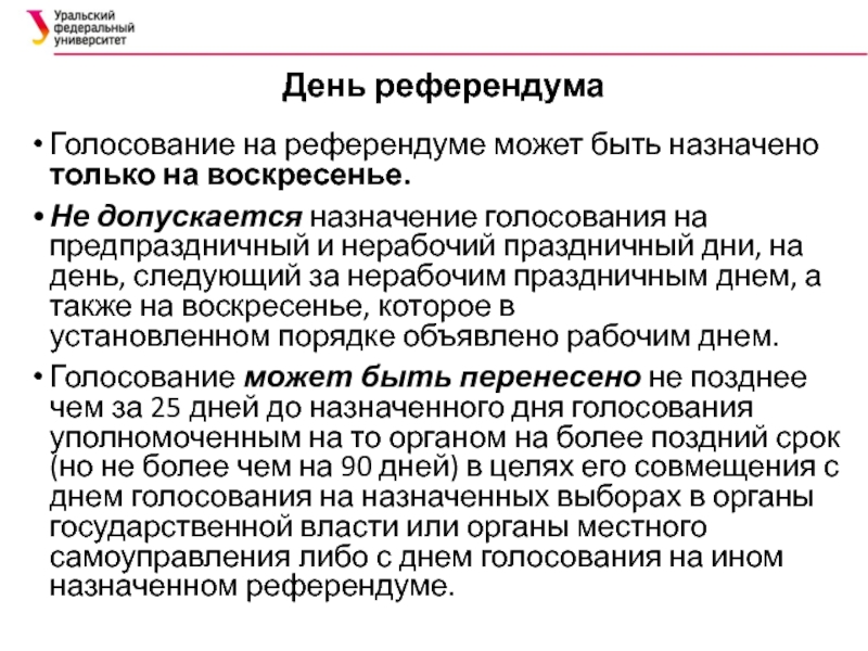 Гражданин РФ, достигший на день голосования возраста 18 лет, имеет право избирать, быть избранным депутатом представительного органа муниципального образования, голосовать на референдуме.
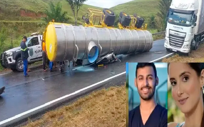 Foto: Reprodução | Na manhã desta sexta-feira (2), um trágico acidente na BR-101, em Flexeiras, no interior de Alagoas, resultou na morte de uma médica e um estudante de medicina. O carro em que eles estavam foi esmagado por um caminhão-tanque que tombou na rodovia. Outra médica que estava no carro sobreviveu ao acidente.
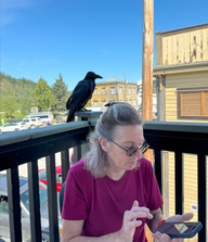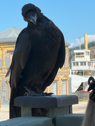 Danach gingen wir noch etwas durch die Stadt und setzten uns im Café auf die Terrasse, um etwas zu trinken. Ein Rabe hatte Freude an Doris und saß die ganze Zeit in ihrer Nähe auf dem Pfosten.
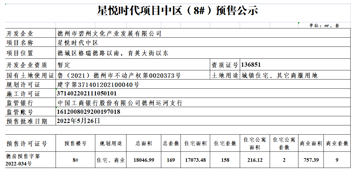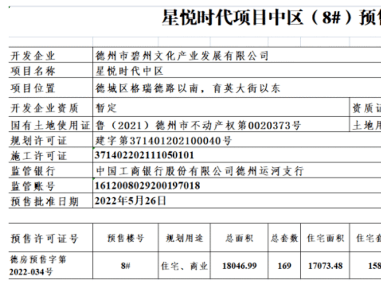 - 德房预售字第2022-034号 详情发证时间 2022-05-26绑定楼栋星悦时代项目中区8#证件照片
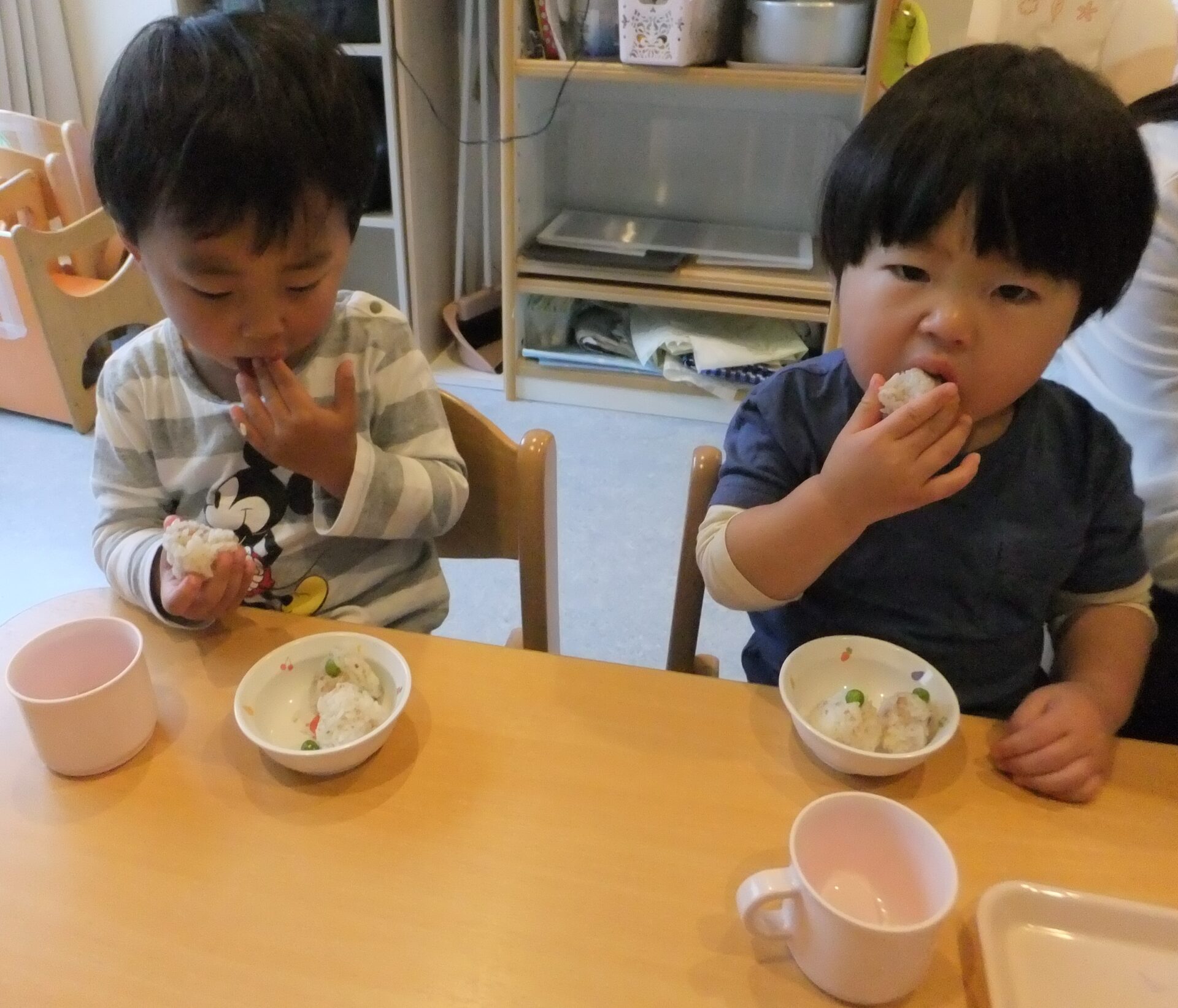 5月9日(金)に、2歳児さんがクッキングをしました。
- - - -
Your answer must be an exact copy of the listing, with every picture omitted.

 Гражданин РФ, достигший на день голосования возраста 18 лет, имеет право избирать, быть избранным депутатом представительного органа муниципального образования, голосовать на референдуме.
 Foto: Reprodução | Na manhã desta sexta-feira (2), um trágico acidente na BR-101, em Flexeiras, no interior de Alagoas, resultou na morte de uma médica e um estudante de medicina. O carro em que eles estavam foi esmagado por um caminhão-tanque que tombou na rodovia. Outra médica que estava no carro sobreviveu ao acidente.
 Danach gingen wir noch etwas durch die Stadt und setzten uns im Café auf die Terrasse, um etwas zu trinken. Ein Rabe hatte Freude an Doris und saß die ganze Zeit in ihrer Nähe auf dem Pfosten.
 - 德房预售字第2022-034号 详情发证时间 2022-05-26绑定楼栋星悦时代项目中区8#证件照片
 5月9日(金)に、2歳児さんがクッキングをしました。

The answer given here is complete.